Transcribe word for word the section of the records below that opens with the line containing "Amethyst Vintage Engagement" and closes with the line containing "今日はみのまわりのデコボコを"; drop every picture.

* _RECORDS SHOWN_
-*-*-
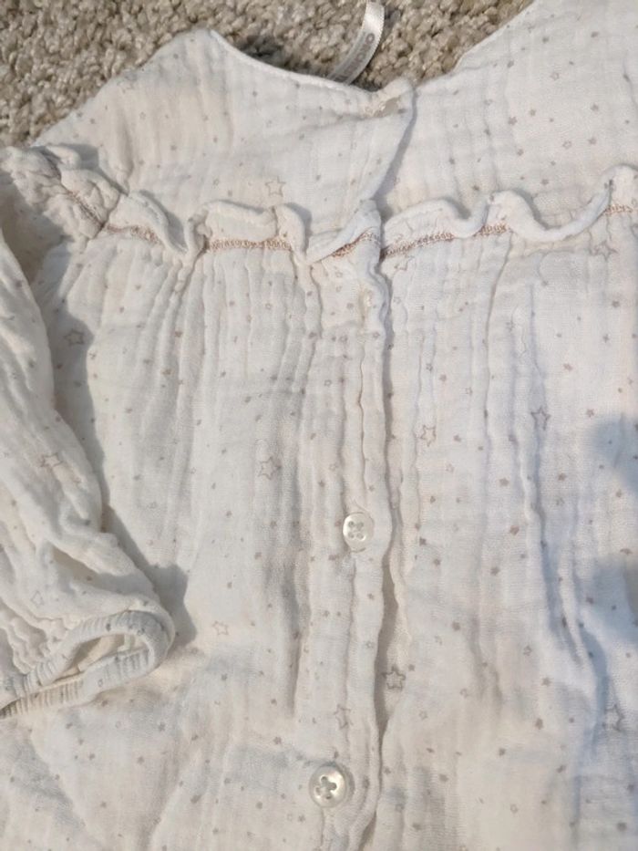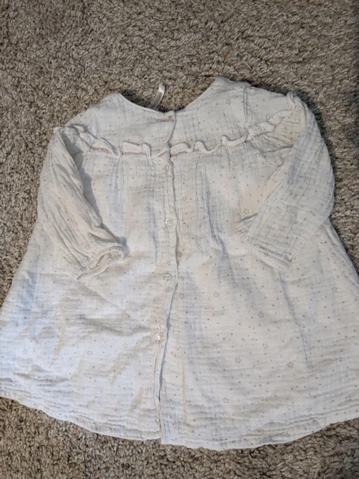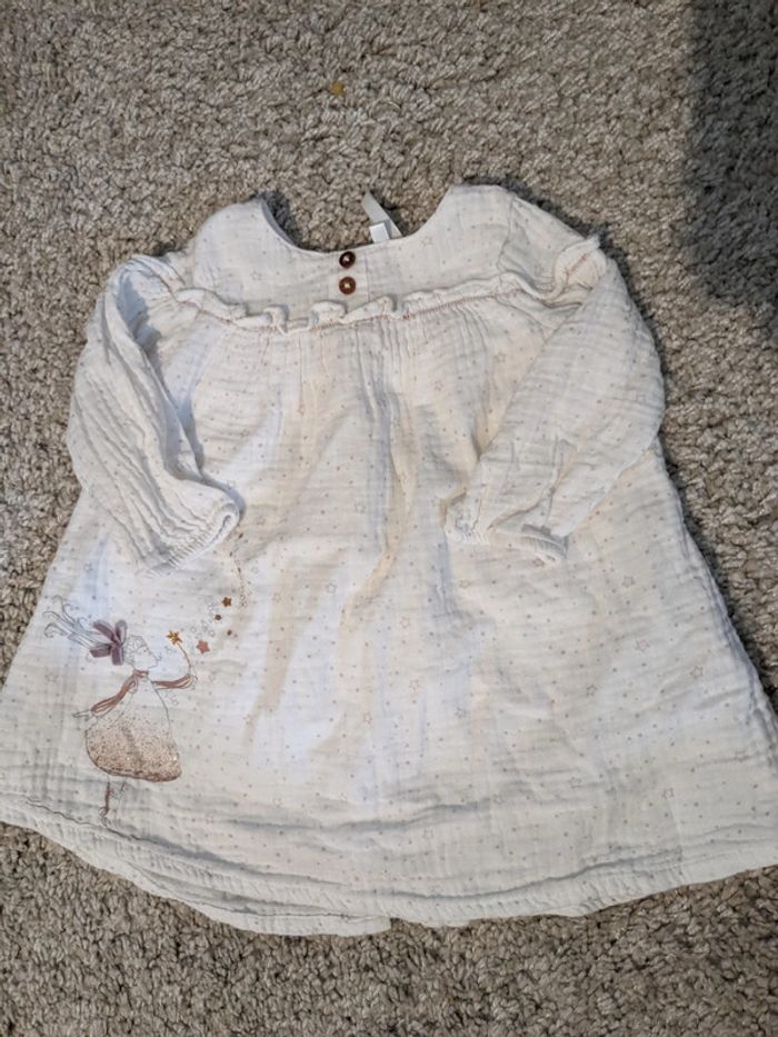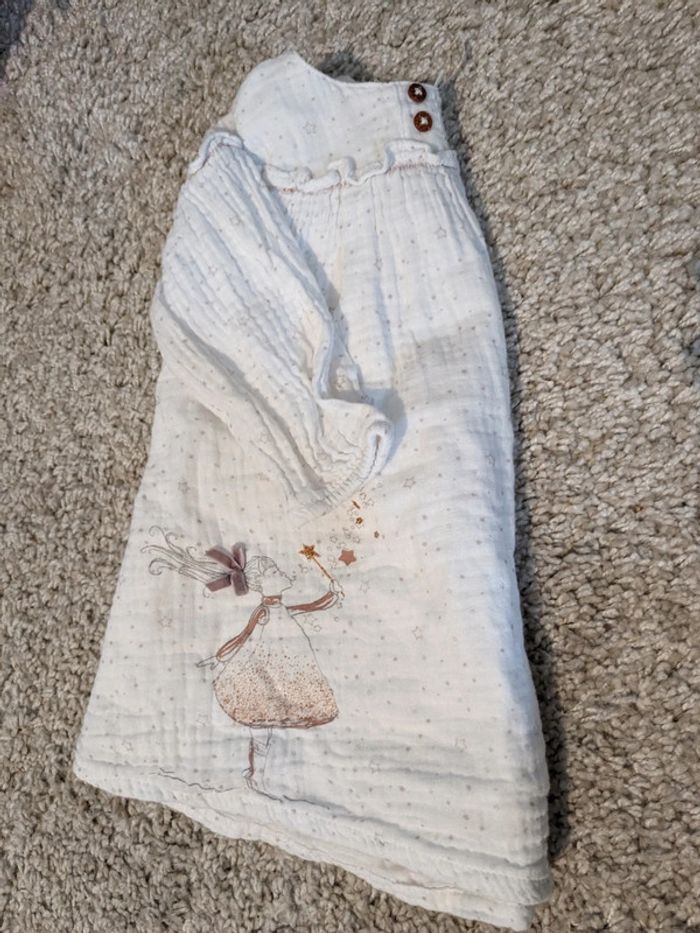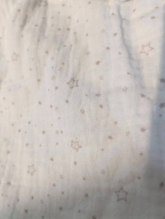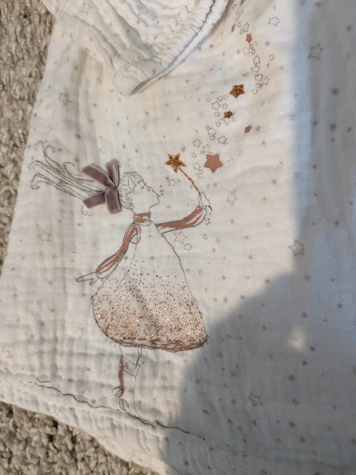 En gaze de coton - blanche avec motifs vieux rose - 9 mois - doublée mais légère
-*-*-
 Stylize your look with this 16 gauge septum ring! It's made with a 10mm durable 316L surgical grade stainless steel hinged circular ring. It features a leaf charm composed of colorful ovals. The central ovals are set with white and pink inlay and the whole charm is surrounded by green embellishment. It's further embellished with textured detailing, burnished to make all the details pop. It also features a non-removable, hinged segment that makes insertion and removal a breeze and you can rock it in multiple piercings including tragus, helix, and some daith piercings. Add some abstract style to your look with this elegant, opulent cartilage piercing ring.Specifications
-*-*-
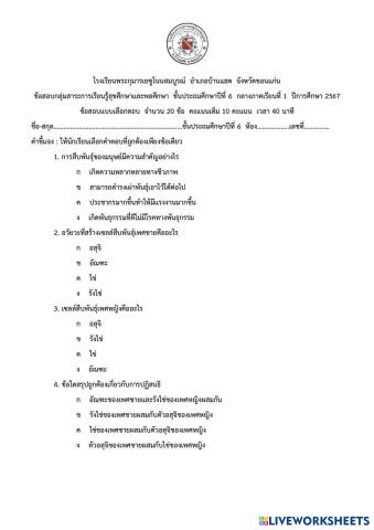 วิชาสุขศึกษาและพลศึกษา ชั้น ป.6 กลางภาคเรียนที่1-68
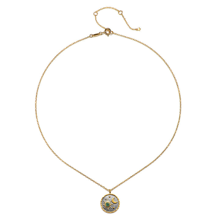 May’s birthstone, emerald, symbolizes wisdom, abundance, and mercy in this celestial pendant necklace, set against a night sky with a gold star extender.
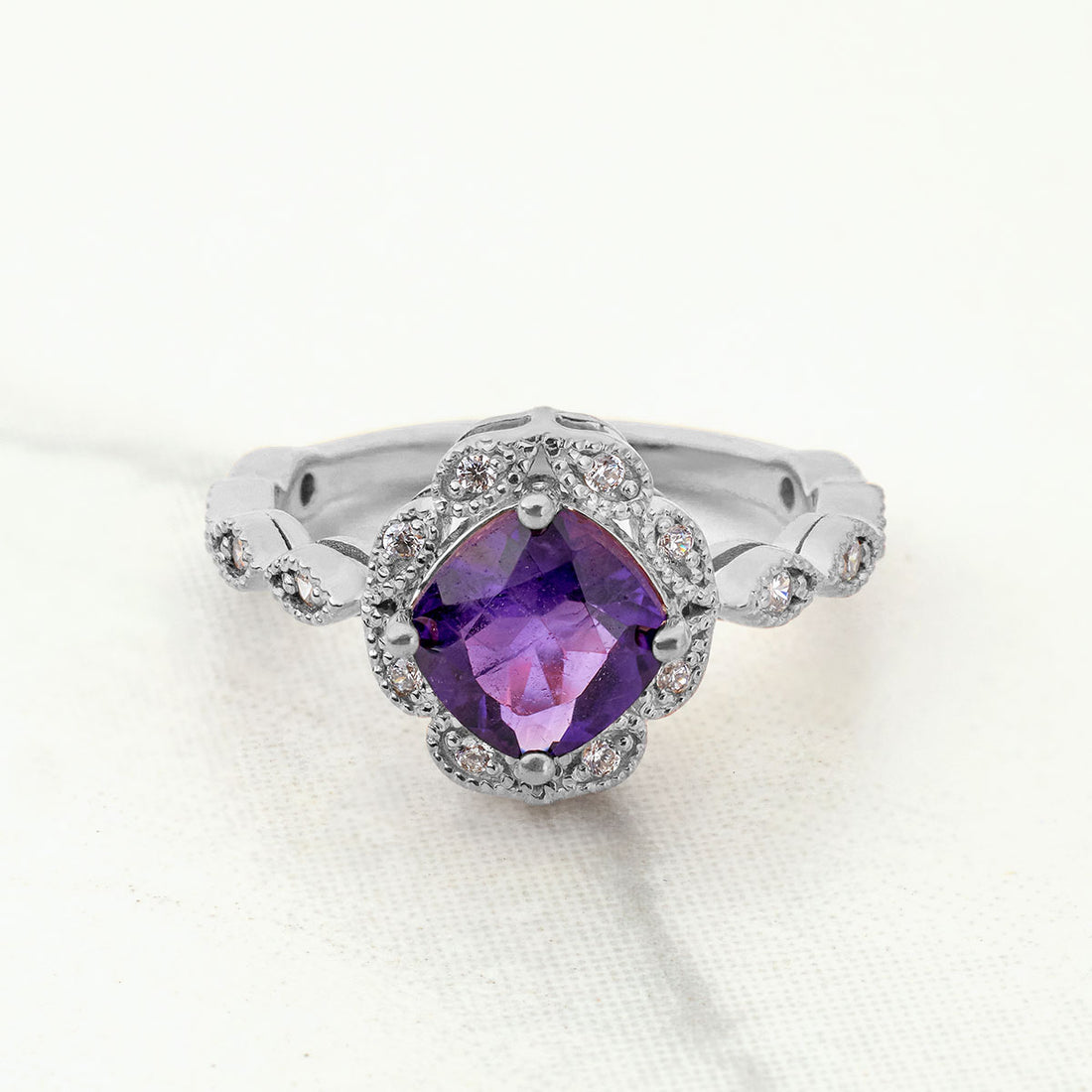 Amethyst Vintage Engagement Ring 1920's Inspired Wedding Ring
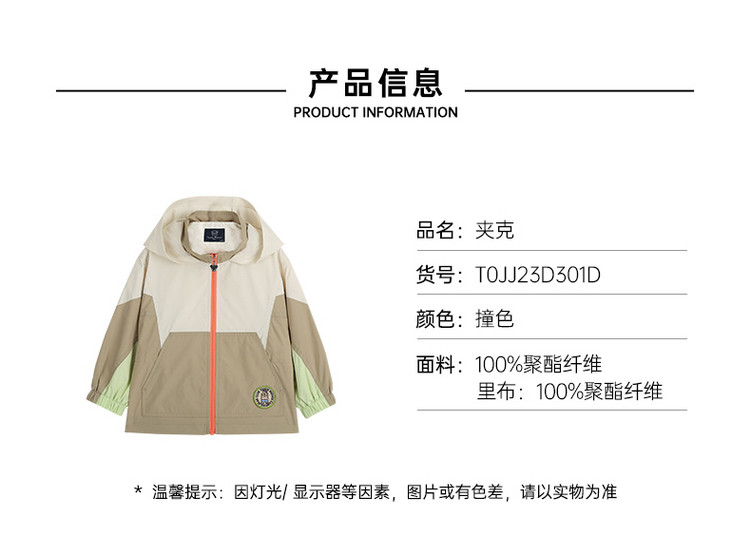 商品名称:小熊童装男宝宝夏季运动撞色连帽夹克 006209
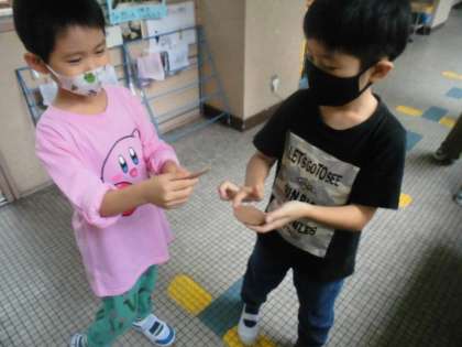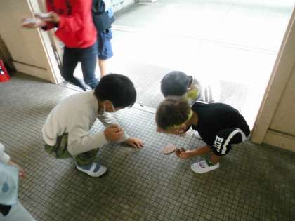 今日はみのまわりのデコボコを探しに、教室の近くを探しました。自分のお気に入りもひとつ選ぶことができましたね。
-*-*-
* _RESULT OF THIS EXERCISE_
 Amethyst Vintage Engagement Ring 1920's Inspired Wedding Ring
 商品名称:小熊童装男宝宝夏季运动撞色连帽夹克 006209
 今日はみのまわりのデコボコを探しに、教室の近くを探しました。自分のお気に入りもひとつ選ぶことができましたね。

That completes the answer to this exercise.